Kate, Lady Paget, Casa Rosa, vicino Ponte di Marmo via Borra, Quartieri Veneziato, Livorno, to His Grace the Most Noble [5th] Duke of Roxton, the White House, Third Hill Residences, Constantinople.
Casa Rosa, vicino Ponte di Marmo via Borra, Quartieri Veneziato, Livorno
August, 1767
My dear Roxton,
You requested in your most recent letter for me to tell you something about Livorno. I was most surprised that you have never visited here, that you did not pass through this port on your way to Rome. But then I remembered you said you travelled overland from Paris so that you could visit Milan, Modena, and Florence before going on to Rome, and that you had a specific reason for visiting Modena. Although, Antonia did confide in me in her letter that the physician you consulted there about your little son’s condition was unable to provide you with any answers, and even less hope!
I pray that having settled in a house in Constantinople, you are now at leisure to consult far and wide the physicians of Islam, and who you are hopeful have more knowledge about the falling sickness and its treatment than our physicians here in the west. Perhaps the change of environment and diet will offer your little boy some respite from his seizures?

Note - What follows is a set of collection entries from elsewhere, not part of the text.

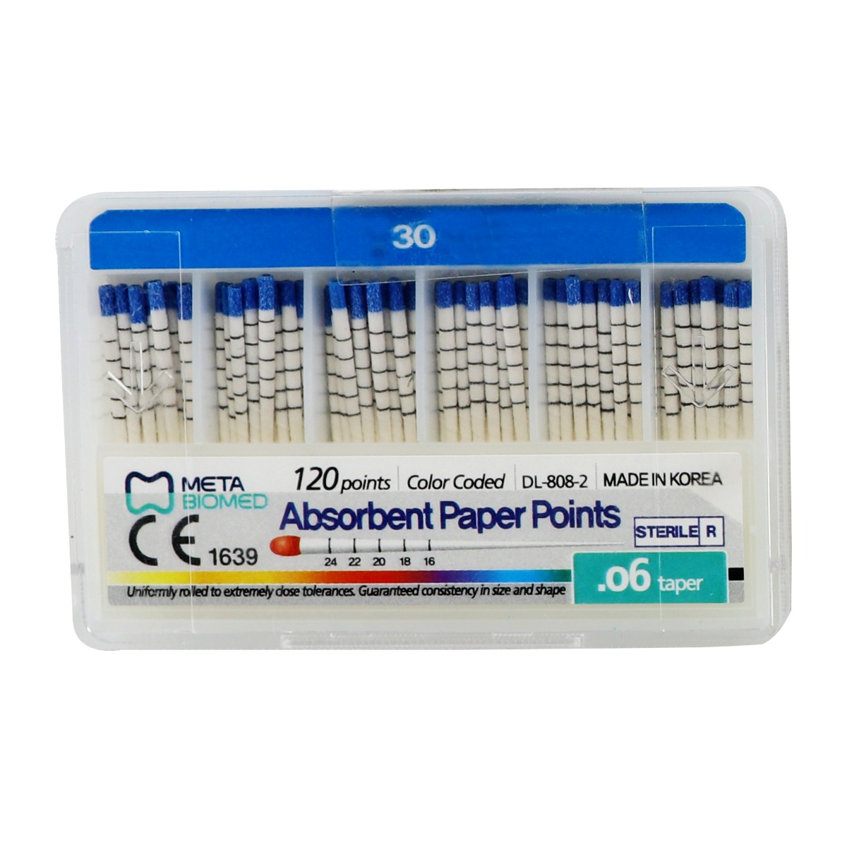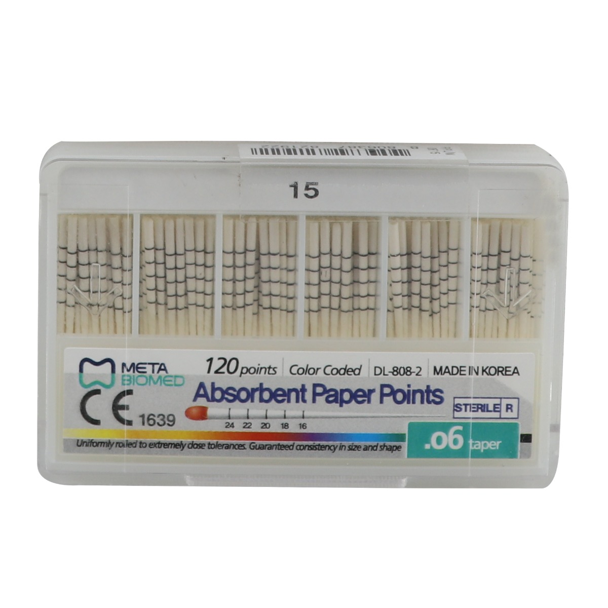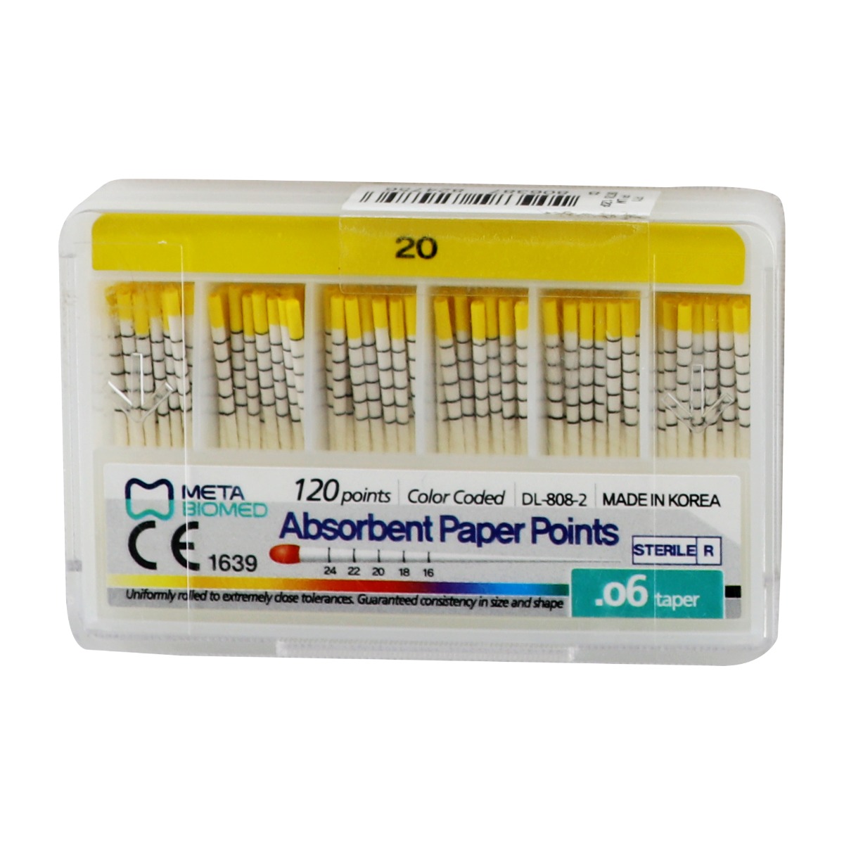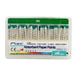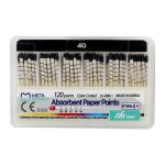 Meta Absorbent Paper Points- 6% have good absorbency and are meticulously crafted for optimal performance in root canal procedures. These paper points are color-coded for easy size identification, ensuring precise selection tailored to varying canal dimensions. The spill-proof construction guarantees a clean and controlled workspace by effectively containing absorbed fluids. Hand-rolled with care, these points strike a balance between enhanced absorbency and structural integrity, enabling efficient moisture removal without compromising rigidity. Individually sterilized packaging underscores the commitment to hygiene and safety standards. Engineered to resist curling or bending during insertion, Meta Absorbent Paper Points offer reliability and precision. With diverse sizing options, these paper points cater to a range of canal dimensions, embodying versatility to meet the nuanced needs of dental practitioners during root canal treatments.
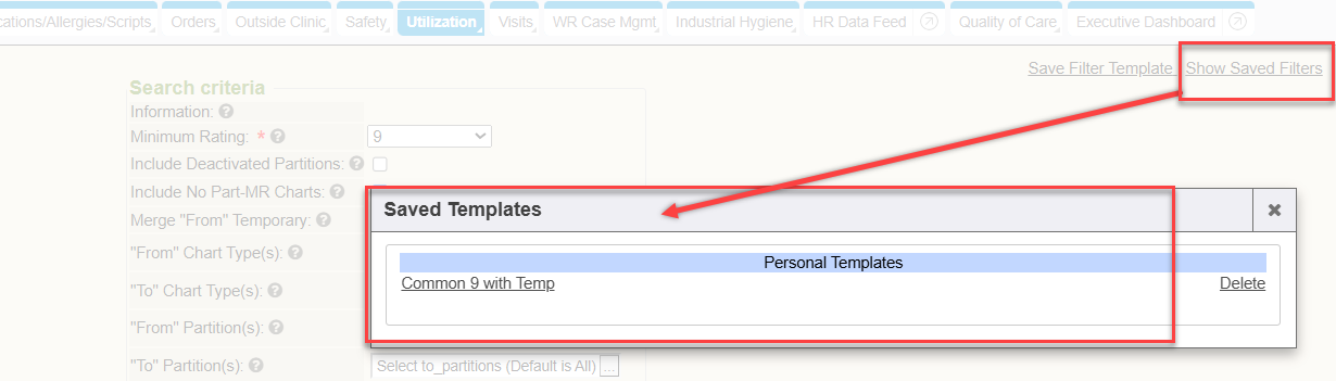 If you wish to access a previously saved template and want to run the same report again, click the Show Saved Filters link. You will see a list of the choices and what the report is named. If you have security privilege, you can delete any saved filter reports from here too so it cannot be utilized anymore.
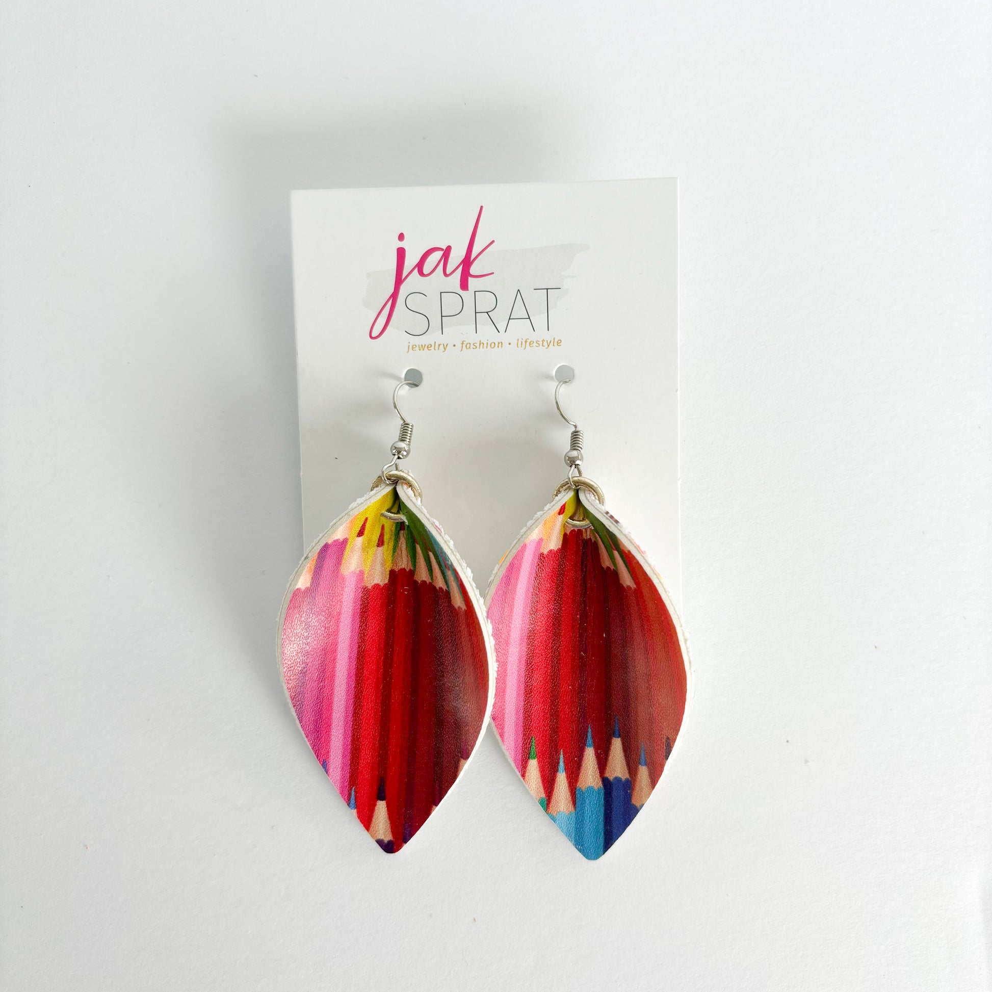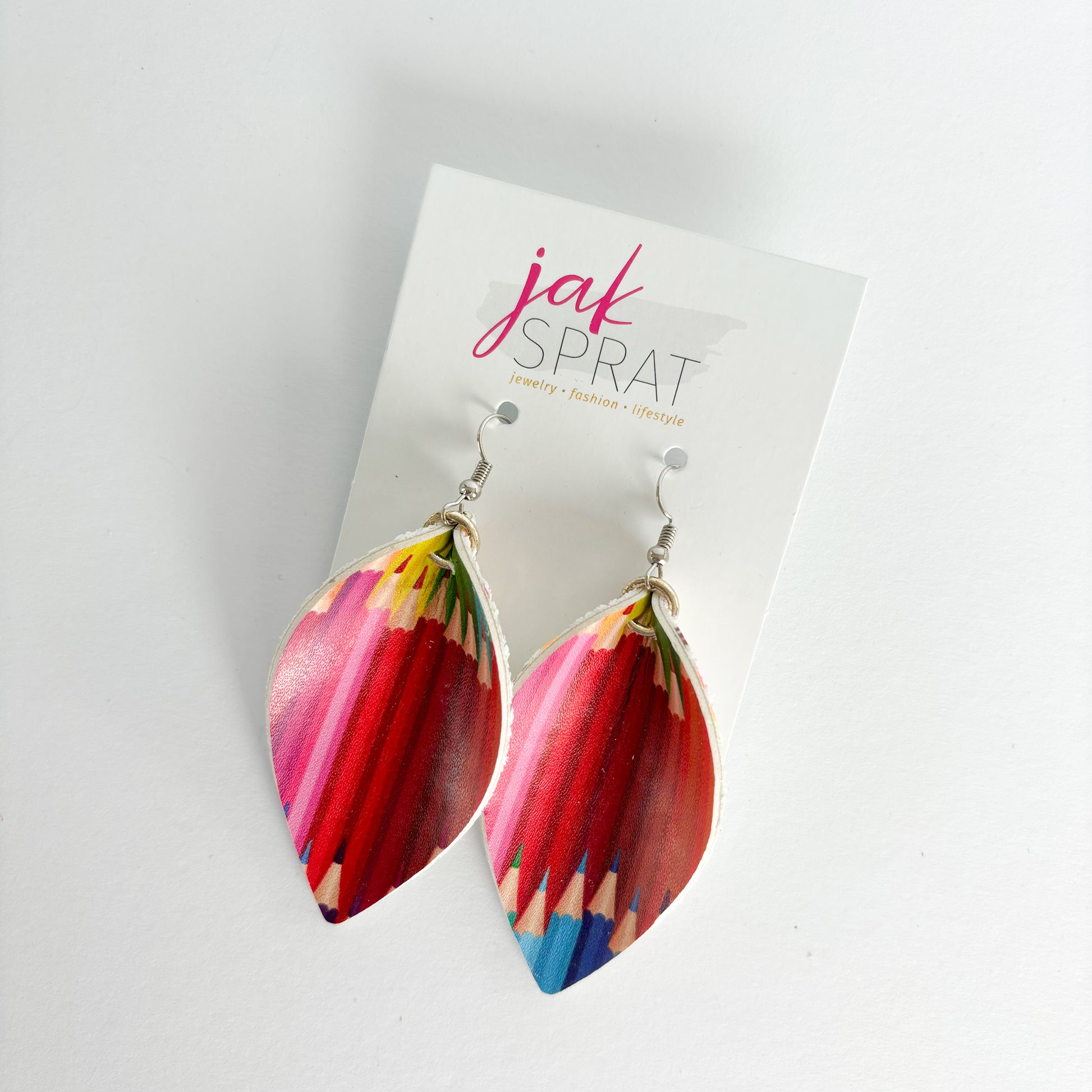 Step up your earring game with our PINCHED LEAF style collection, the for those who love JAK Sprat one-of-a-kind styles- that you probably won't see again. Each pair is crafted with a mix of leather and faux leather for a lightweight, yet bold look. Whether you're going for playful or chic, these earrings are sure to make a statement wherever you go.
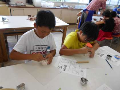 入浴剤を作ったり、手のひらで冷たくなりぶくぶく泡立つことを体感したり。
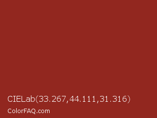 CIELab 33.267,44.111,31.316 Color is a normal red color and the nearest color is Vivid Auburn #922724. Hex code #92271f and RGB value is rgb(146,39,31). In RGB color space, this color is composed of 57% red, 15% green, 12% blue, In CMYK color space, this color is composed of 0% cyan, 73% magenta, 79% yellow , 43% black , In HSL color space, this color has a hue angle of 4° , 65% saturation and 35% lightness.

And before I forget (yet again) and give you an account of this, my adopted city, I wish to send my love to you and Antonia on being reunited with your eldest son and heir. How many years have passed since you were all together as a family? Julian must be much changed, and I do not mean in appearance only. From what you told me of the reports from his godfather, he has grown into a worthy young gentleman of whom you are justifiably very proud. I do not need to remind you I understand completely your anxiousness at this reunion, and for it to go beyond your expectations, particularly for Antonia’s sake. And I do hope you will write me an account of that most auspicious of occasions so that I may rest easy knowing the mother of your son has been reunited with her child to the mutual satisfaction of all parties.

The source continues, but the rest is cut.